» Problem requirements
Give back exactly the lines of the material below that start at the line containing "꽃을 화면에 가득 차게" and end at the line containing "La silla de", and no others.

» Provided records
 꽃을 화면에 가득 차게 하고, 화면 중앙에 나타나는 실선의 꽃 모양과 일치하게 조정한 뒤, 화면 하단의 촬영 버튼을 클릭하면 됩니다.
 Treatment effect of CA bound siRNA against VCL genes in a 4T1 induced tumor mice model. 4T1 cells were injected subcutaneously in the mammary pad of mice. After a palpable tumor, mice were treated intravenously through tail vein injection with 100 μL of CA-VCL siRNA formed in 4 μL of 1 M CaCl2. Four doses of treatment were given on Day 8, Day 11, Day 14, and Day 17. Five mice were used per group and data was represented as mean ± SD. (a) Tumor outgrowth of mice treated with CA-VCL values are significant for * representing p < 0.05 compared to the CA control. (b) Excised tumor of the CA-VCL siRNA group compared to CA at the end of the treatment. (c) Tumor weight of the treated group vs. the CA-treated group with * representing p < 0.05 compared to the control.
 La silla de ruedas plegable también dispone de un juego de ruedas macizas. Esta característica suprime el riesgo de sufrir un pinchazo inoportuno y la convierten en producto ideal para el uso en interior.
---
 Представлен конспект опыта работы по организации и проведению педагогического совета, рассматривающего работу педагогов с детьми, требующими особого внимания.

» Answer below
 꽃을 화면에 가득 차게 하고, 화면 중앙에 나타나는 실선의 꽃 모양과 일치하게 조정한 뒤, 화면 하단의 촬영 버튼을 클릭하면 됩니다.
 Treatment effect of CA bound siRNA against VCL genes in a 4T1 induced tumor mice model. 4T1 cells were injected subcutaneously in the mammary pad of mice. After a palpable tumor, mice were treated intravenously through tail vein injection with 100 μL of CA-VCL siRNA formed in 4 μL of 1 M CaCl2. Four doses of treatment were given on Day 8, Day 11, Day 14, and Day 17. Five mice were used per group and data was represented as mean ± SD. (a) Tumor outgrowth of mice treated with CA-VCL values are significant for * representing p < 0.05 compared to the CA control. (b) Excised tumor of the CA-VCL siRNA group compared to CA at the end of the treatment. (c) Tumor weight of the treated group vs. the CA-treated group with * representing p < 0.05 compared to the control.
 La silla de ruedas plegable también dispone de un juego de ruedas macizas. Esta característica suprime el riesgo de sufrir un pinchazo inoportuno y la convierten en producto ideal para el uso en interior.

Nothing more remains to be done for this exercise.